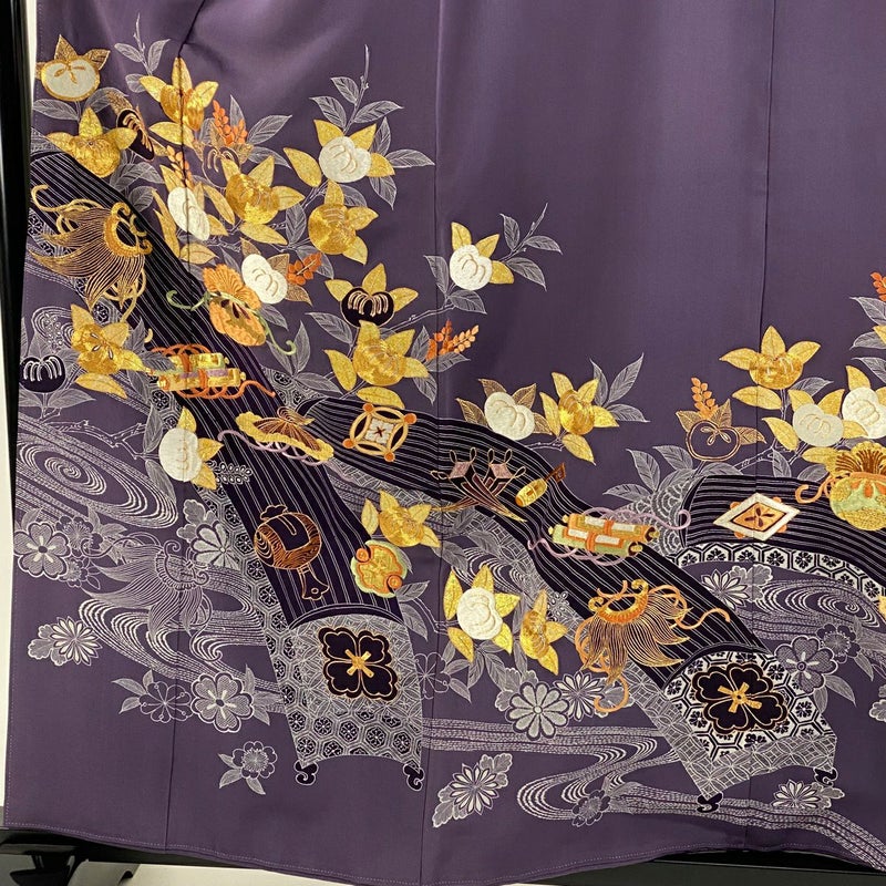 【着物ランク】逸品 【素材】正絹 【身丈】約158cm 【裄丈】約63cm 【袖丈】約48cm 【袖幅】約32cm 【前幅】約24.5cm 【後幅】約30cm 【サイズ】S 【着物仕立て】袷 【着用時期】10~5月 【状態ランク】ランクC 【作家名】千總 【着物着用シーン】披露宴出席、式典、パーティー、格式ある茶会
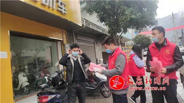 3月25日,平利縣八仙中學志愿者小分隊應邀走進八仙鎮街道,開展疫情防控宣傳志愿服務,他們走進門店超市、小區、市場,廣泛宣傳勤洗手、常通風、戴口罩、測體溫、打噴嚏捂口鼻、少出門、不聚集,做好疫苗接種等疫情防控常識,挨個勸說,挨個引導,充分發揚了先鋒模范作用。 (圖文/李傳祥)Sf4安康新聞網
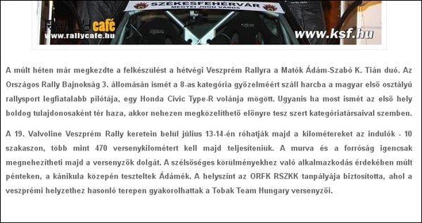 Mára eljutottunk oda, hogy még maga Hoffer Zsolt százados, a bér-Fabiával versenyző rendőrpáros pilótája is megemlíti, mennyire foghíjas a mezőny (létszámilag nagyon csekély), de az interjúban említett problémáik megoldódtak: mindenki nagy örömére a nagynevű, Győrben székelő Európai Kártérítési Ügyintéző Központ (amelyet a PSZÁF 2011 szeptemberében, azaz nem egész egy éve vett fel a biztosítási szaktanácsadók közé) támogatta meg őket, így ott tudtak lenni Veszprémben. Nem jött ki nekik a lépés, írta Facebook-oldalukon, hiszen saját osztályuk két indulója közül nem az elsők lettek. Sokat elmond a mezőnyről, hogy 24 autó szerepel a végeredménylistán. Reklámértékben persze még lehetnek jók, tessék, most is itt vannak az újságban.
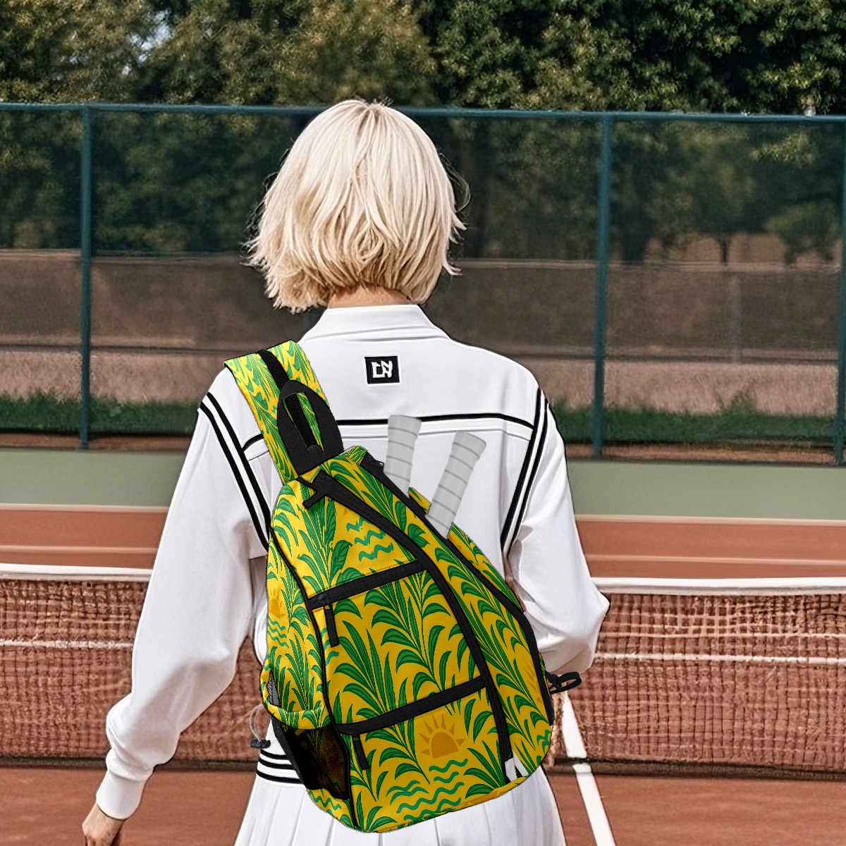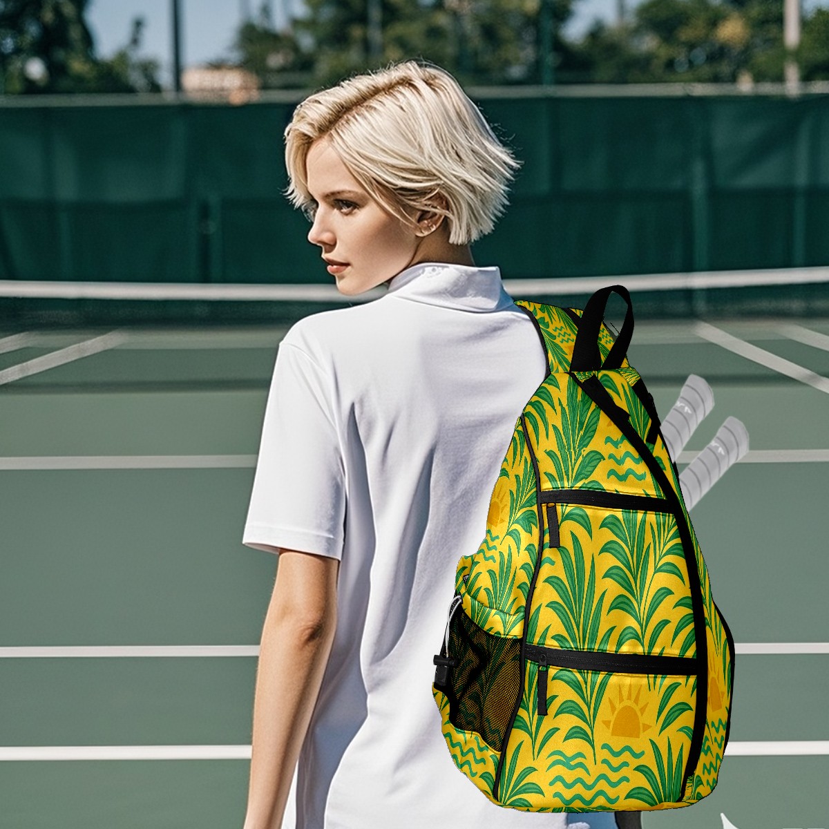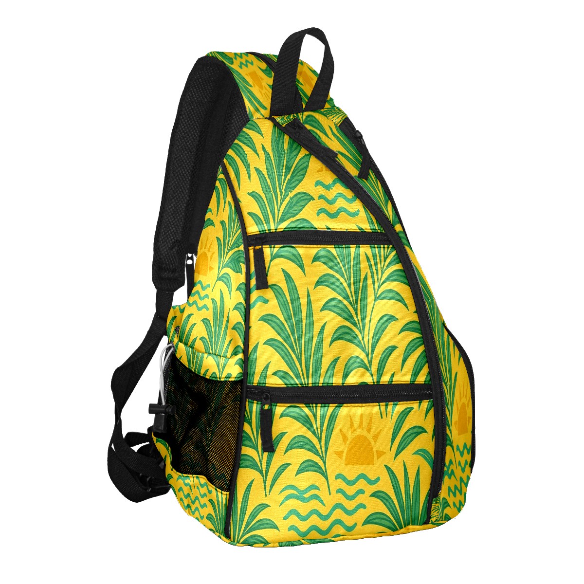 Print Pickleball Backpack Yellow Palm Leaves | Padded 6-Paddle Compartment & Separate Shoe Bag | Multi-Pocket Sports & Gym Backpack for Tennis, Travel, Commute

> [Activity]: What you should repeat exactly is the run of lines from the top of the listing above through the line with "3月25日,平利縣八仙中學志", without pictures.

> [Reply to the exercise]:
 【着物ランク】逸品 【素材】正絹 【身丈】約158cm 【裄丈】約63cm 【袖丈】約48cm 【袖幅】約32cm 【前幅】約24.5cm 【後幅】約30cm 【サイズ】S 【着物仕立て】袷 【着用時期】10~5月 【状態ランク】ランクC 【作家名】千總 【着物着用シーン】披露宴出席、式典、パーティー、格式ある茶会
 3月25日,平利縣八仙中學志愿者小分隊應邀走進八仙鎮街道,開展疫情防控宣傳志愿服務,他們走進門店超市、小區、市場,廣泛宣傳勤洗手、常通風、戴口罩、測體溫、打噴嚏捂口鼻、少出門、不聚集,做好疫苗接種等疫情防控常識,挨個勸說,挨個引導,充分發揚了先鋒模范作用。 (圖文/李傳祥)Sf4安康新聞網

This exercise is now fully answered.